**DATA FOR THIS EXERCISE**
┄┄┄┄┄┄
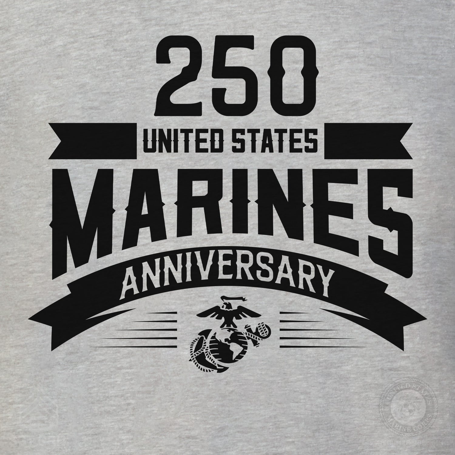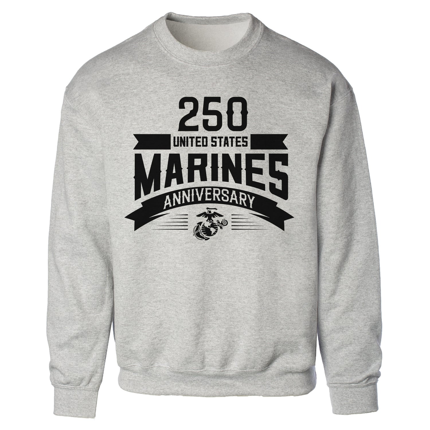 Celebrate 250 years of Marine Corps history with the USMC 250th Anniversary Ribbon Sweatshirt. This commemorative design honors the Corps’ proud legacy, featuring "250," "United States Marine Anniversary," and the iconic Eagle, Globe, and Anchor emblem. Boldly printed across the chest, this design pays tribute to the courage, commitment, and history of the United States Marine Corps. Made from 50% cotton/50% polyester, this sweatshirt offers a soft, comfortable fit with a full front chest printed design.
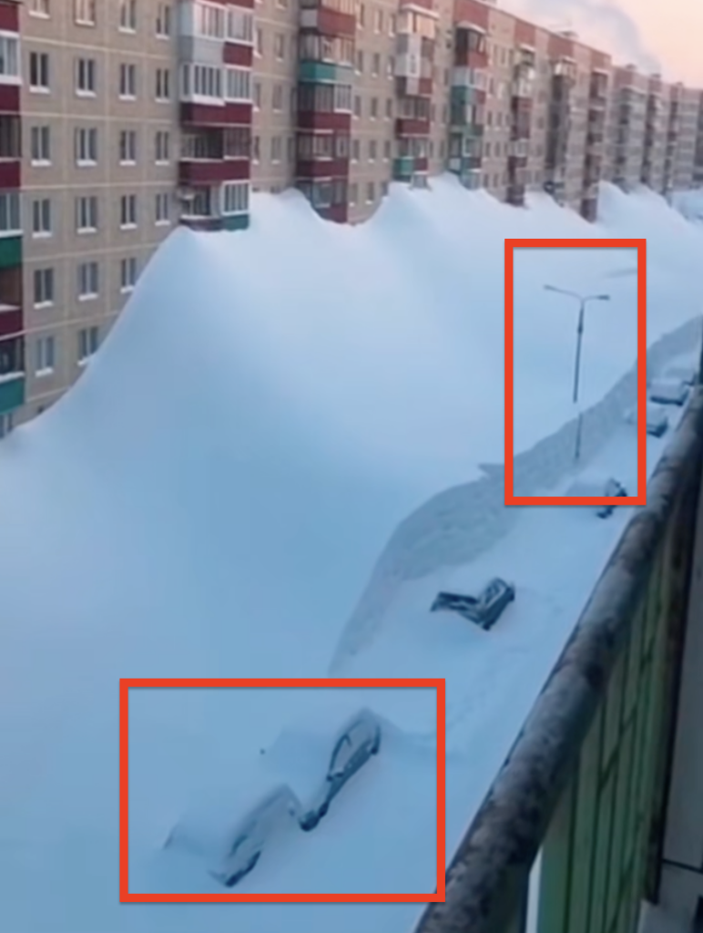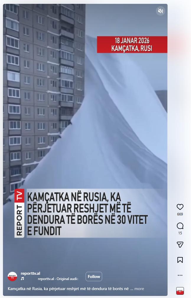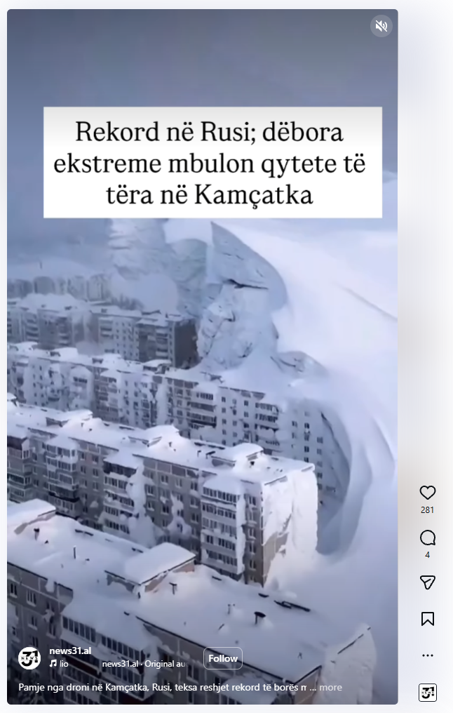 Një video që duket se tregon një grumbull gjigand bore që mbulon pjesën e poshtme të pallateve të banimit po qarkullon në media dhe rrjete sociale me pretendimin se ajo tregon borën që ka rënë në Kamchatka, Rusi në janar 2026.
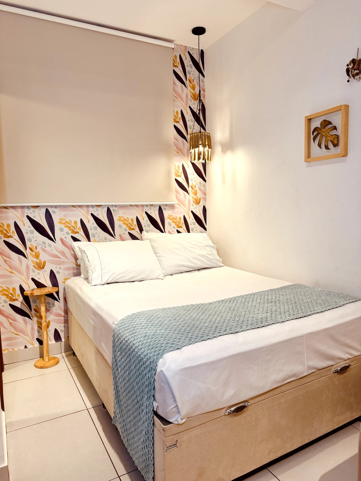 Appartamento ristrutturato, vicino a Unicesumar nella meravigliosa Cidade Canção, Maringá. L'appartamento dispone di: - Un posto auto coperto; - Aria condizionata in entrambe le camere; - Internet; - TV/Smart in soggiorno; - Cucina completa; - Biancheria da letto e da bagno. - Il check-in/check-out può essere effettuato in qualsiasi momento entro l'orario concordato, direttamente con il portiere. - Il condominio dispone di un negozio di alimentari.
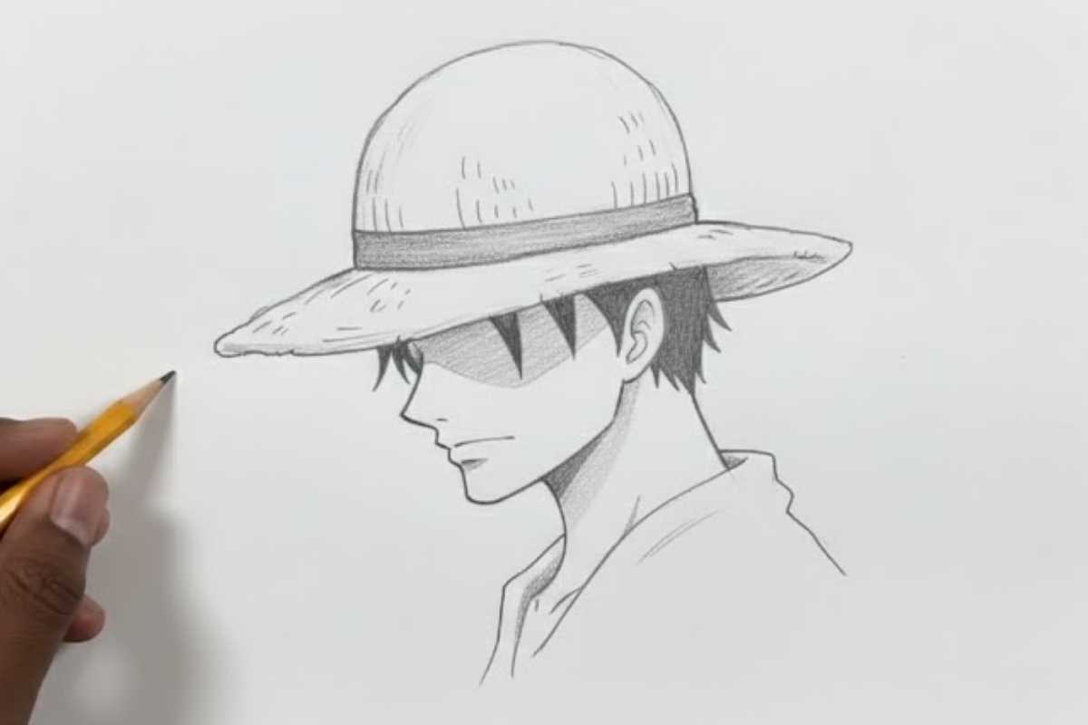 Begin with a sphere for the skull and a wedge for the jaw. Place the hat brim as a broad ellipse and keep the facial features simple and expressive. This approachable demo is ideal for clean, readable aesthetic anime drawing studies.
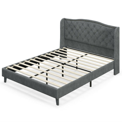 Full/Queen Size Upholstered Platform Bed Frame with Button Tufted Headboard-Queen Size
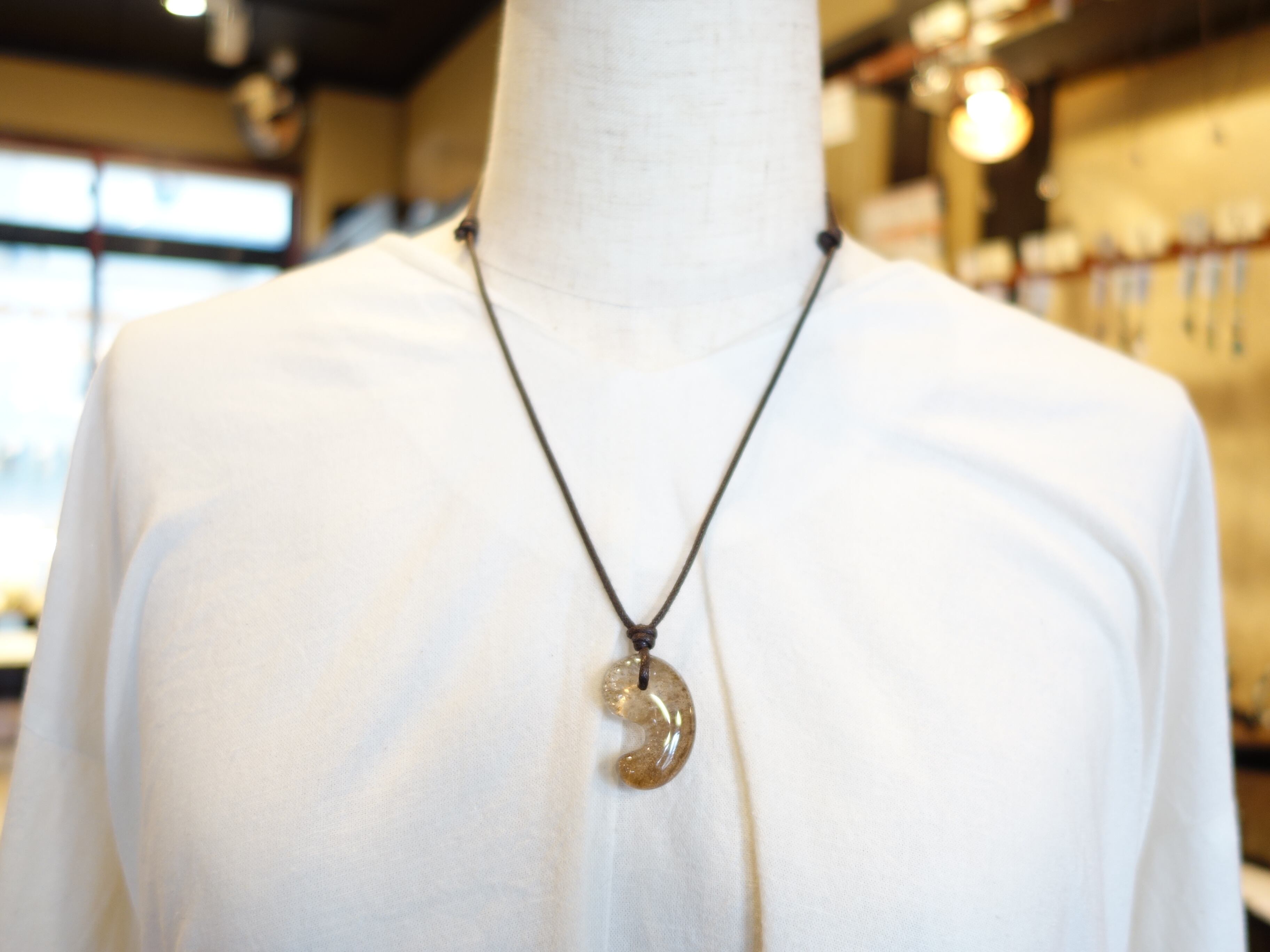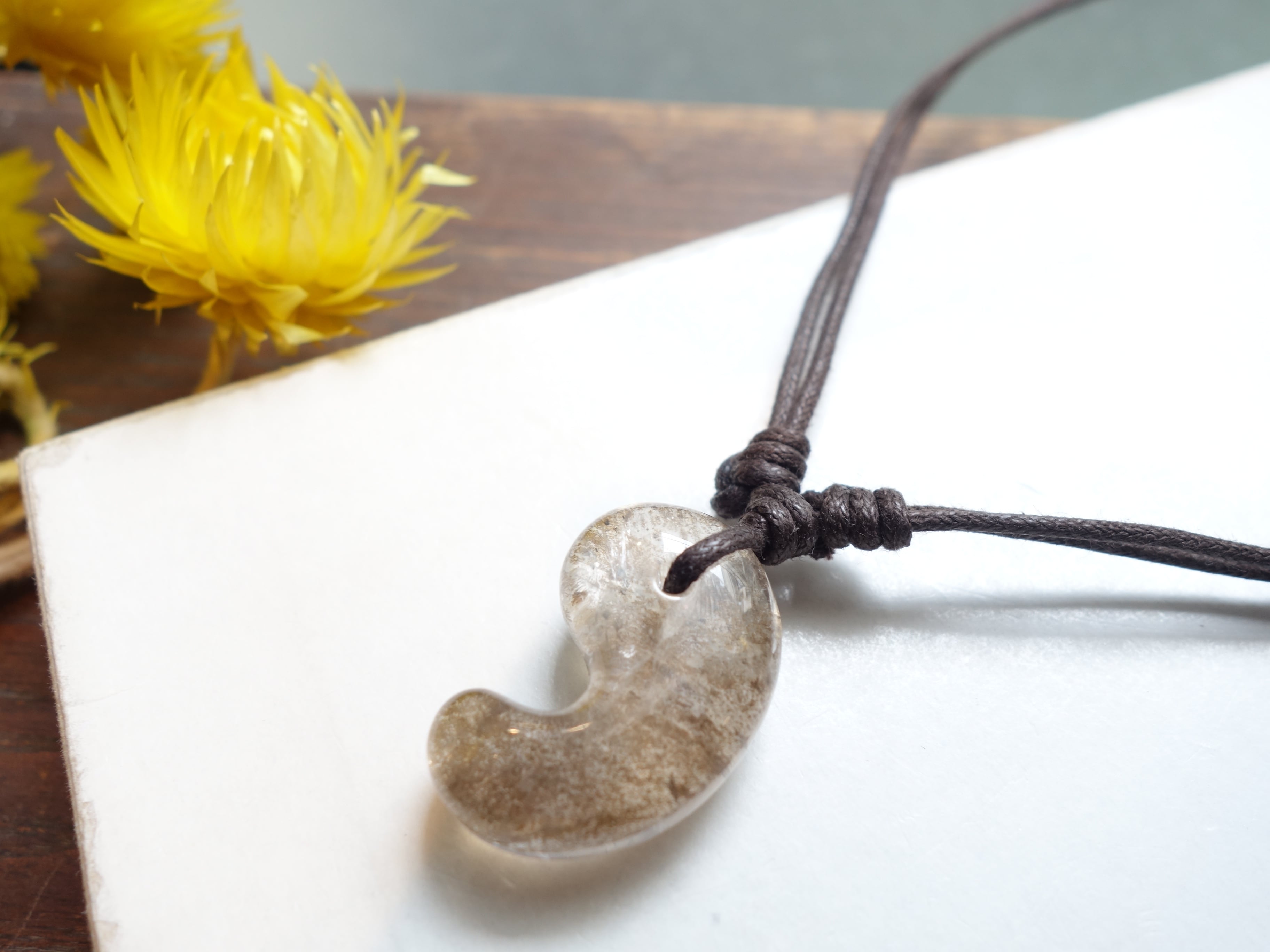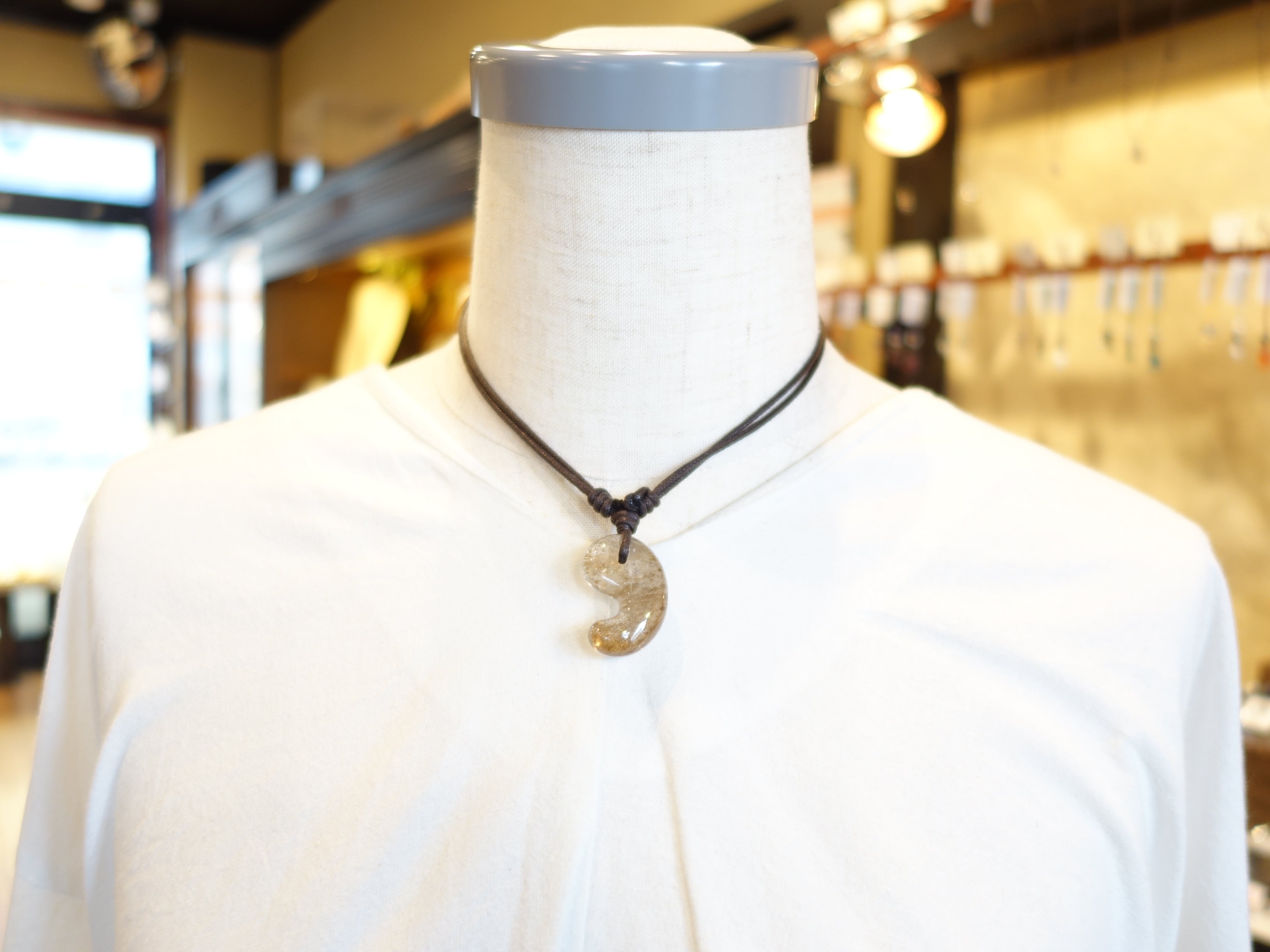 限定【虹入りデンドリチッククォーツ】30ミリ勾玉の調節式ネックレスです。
┄┄┄┄┄┄
**REQUIREMENT**
The lines to return run from the line containing "Një video që" through the last line of the records. Give them exactly, omitting pictures.

**RESPONSE AREA**
 Një video që duket se tregon një grumbull gjigand bore që mbulon pjesën e poshtme të pallateve të banimit po qarkullon në media dhe rrjete sociale me pretendimin se ajo tregon borën që ka rënë në Kamchatka, Rusi në janar 2026.
 Appartamento ristrutturato, vicino a Unicesumar nella meravigliosa Cidade Canção, Maringá. L'appartamento dispone di: - Un posto auto coperto; - Aria condizionata in entrambe le camere; - Internet; - TV/Smart in soggiorno; - Cucina completa; - Biancheria da letto e da bagno. - Il check-in/check-out può essere effettuato in qualsiasi momento entro l'orario concordato, direttamente con il portiere. - Il condominio dispone di un negozio di alimentari.
 Begin with a sphere for the skull and a wedge for the jaw. Place the hat brim as a broad ellipse and keep the facial features simple and expressive. This approachable demo is ideal for clean, readable aesthetic anime drawing studies.
 Full/Queen Size Upholstered Platform Bed Frame with Button Tufted Headboard-Queen Size
 限定【虹入りデンドリチッククォーツ】30ミリ勾玉の調節式ネックレスです。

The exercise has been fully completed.